Remember that the Congress won seven of the first eight general elections in India, and so from that standpoint, the rise of an alternative was long overdue.
It's likely a mix of all of these factors.
I have done >surveys with Hindu voters in Bihar and few professed, either in the survey or to me personally, hatred toward Muslims. But there are definitely some voters to whom the fear of Muslims is a vote getter.
Some say the Congress's Muslim appeasement policy -- rather the party using Muslims as a vote bank -- is the reason behind the conflict and the rise of the BJP. Do you agree?
It's true that the Congress' commitment to secularism has been historically inconsistent, to say the least.
But I don't think 'Muslim appeasement' is really the issue, that's mainly a catchphrase from BJP politicians. In fact, I think catchphrases like appeasement are often just a way to distract focus from elements of the BJP's economic agenda that have stalled.
Why didn't the party focus much more on development in 2019? I think because their record was quite uneven, and they didn't want to run on that.
Hate politics rules in India now. Would you say, this is one of the worst periods in India's history where Indian society is divided like never before?
I am personally more worried about open, organised, violence against Muslims now than I have been previously.
The way discrimination against Muslims has become almost normalised is very upsetting.
There was a video I saw on Twitter recently of a huge crowd in Sarangpur, MP, that were chanting and brandishing swords in front of a mosque. That is what I mean about normalisation -- the open hostility toward Muslims is really scary.
With the kind of support the BJP enjoys from sections of Hindus, do you think the party will succeed in making India a Hindu Rashtra?

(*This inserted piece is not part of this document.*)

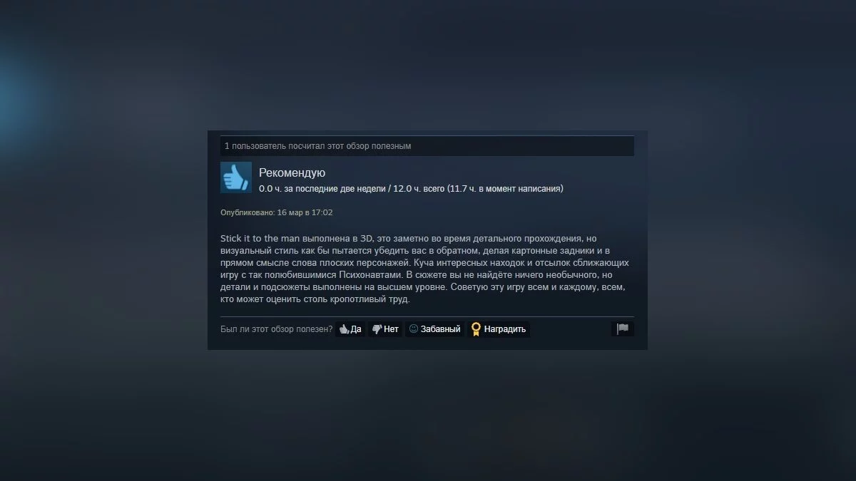 Stick It To The Man! имеет 95% положительных отзывов в Steam. Вот что пишут пользователи:

In some ways, the country is already a Hindu Rashtra.
Many Hindus that I surveyed in Bihar seemed to think that Hindus, simply because they form a numerical majority, deserve special treatment, which, of course, goes against the Indian conception of secularism.
So, if the dominant community feels this way, then India is already a Hindu nation.
What scholars like Christophe Jaffrelot and others worry about now is India becoming a Hindu Raj. Jaffrelot points to the declining representation of Muslims in elected assemblies, their political marginalisation, etc.
In that sense it's not just culturally a Hindu nation, but politically becoming one as well.